Dorothy Donegan (1922-1998) was an American pianist and singer who specialized in jazz, blues, and classical music. She is best known for her animated performances on the stride piano and owning Club Morocco in Los Angeles.
Just like her lively piano playing, Donegan’s on-stage attire was attention-grabbing. She wore curve-hugging, intricately decorated gowns that mirrored the fashions worn by Hollywood starlets. She didn’t skimp on her beauty routine either. Her hair was styled in curly or voluminous bobs that were often accented with a flower or turban.
Born in Chicago, Donegan performed in jazz clubs at a young age. During these shows, she developed her stage attire. “My mother would get me a pretty good dress, you know. Then, you could get a whole outfit for $15,” the singer said to Jeannie Cheatham for the Smithsonian Jazz Oral History Program. “The shoes were $2 or $3. We’d go to Rothschild’s. I didn’t know a thing about Neiman Marcus, ‘needless markups.”
In 1945 Donegan received a call from Hollywood. “They (MGM) paid our way there and gave me I think $3000 a week … Gene Rodgers and I played against each other. He was a very good pianist. Cab (Calloway) was directing and shaking his hair.”
An example of her style is seen in a 1944 performance with Calloway and his band in the musical comedy film, “Sensations of 1945.” Donegan wears a long-sleeved gown with a deep V-neck and slightly squared shoulders. The white coloring of the dress is contrasted by gold sequins dotted at the neckline and in spirals around her wrists, which accentuates her piano playing.
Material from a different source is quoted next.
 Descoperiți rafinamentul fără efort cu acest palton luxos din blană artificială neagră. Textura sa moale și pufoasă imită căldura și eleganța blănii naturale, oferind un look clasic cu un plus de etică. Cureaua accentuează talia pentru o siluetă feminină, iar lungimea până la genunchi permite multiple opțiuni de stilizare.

Despite being a famous musician, Donegan often challenged sexism in the male-dominated jazz industry. “There shouldn’t be a separate role for women and a separate role for men. They either can perform or they can’t.”
Although this may have shaped public opinion of her as difficult or overbearing, the musician knew her talents and worth. Her persistence was mentioned in a February 9, 1961 edition of Jet. The passage reads, “Jazz pianist Dorothy Donegan and her retort to the New York Roundtable Club owner after he suggested ordering some elevated shoes for her to compensate for the high ceiling Dorothy complained about: “How about some elevated money?”
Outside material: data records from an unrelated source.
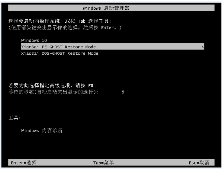 5、進入啟動管理器界面之后,選擇第二項xiaobai pe-ghost,按回車進入pe系統。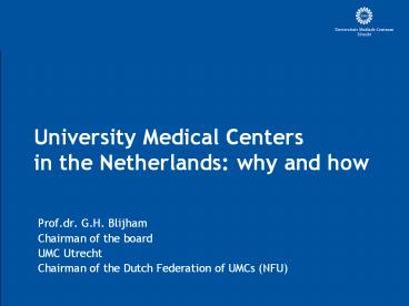Title: University Medical Centers in the Netherlands: why and how
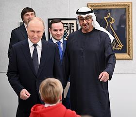 Президент России Владимир Путин и Президент Объединенных Арабских Эмиратов Мухаммед бен Заид Аль Нахайян приняли участие в открытии Центра международного сотрудничества с ОАЭ в сфере образования имени шейхи Фатемы Бинт Мубарак при гимназии имени Е.М.Примакова в Московской области.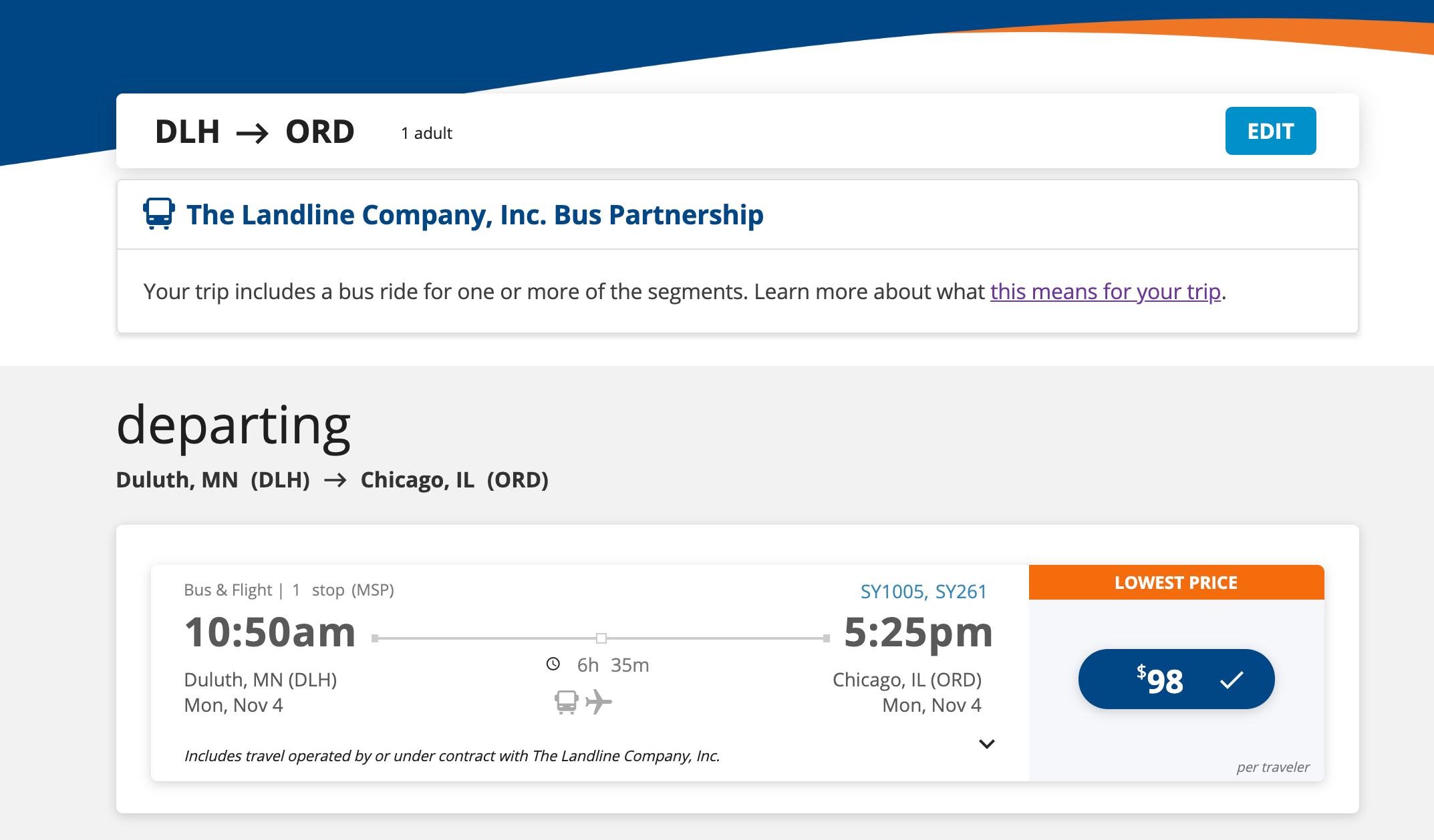 Booking a ride via Sun Country is the same as booking a flight. Duluth and Mankato are listed among origins and destinations on its website, and sold as a straight-forward connecting itinerary with a notice that one leg is on a bus.

As she entered her later years, Donegan combined her signature razzle-dazzle with streetwear. When she performed at the White House in 1993, she wore “a silver coat and a Chanel copy baseball hat,” and “a bugle beaded jet top and a black sequined skirt” with a bangle bracelet around her left wrist.
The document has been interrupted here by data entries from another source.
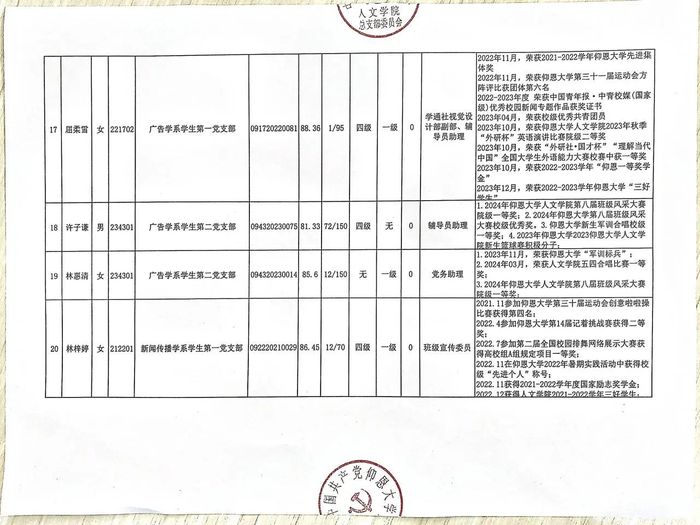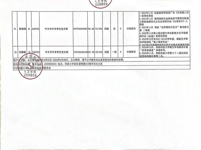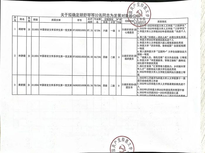 根据发展党员工作有关要求,经支部委员会综合党内外群众意见以及本人综合表现情况,拟确定胡舒琴等32名同志为党员发展对象。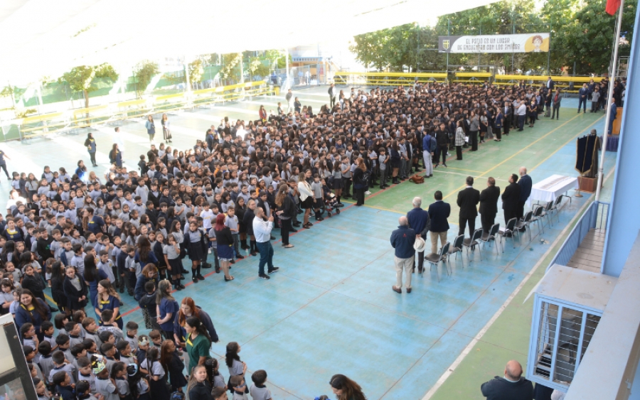 Posteriormente, a eso de las 10:00 AM, toda la comunidad se trasladó en pleno hasta el patio central del establecimiento, lugar donde se dio por comenzado el año con el primer saludo de Buenos Días comunitario.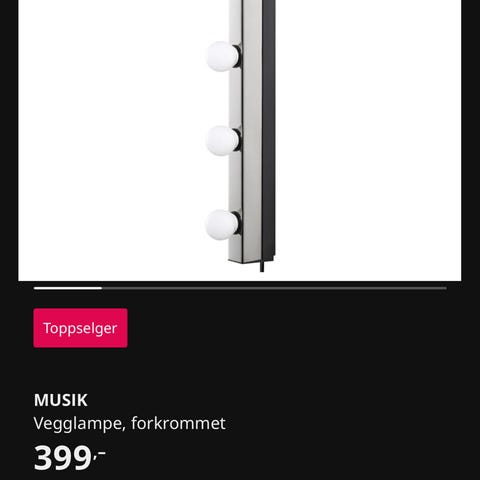 Har 4 ubrukte lamper, som er kjøpt for under 1 år siden. 2 plafonder og 2 baderomslamper, Selges 800kr samlet.

When not performing in the 1990s, Donegan received a National Endowment of the Arts “American Jazz Masters” fellowship (1992) and an honorary doctorate from Roosevelt University (1994). In 1997 she was diagnosed with colon cancer and passed away at the age of 76 in 1998.
Throughout her career, Donegan faced hardships for being an opinionated woman in a male-dominated industry. Instead of giving up, she continued to shine with the help of some sparkle.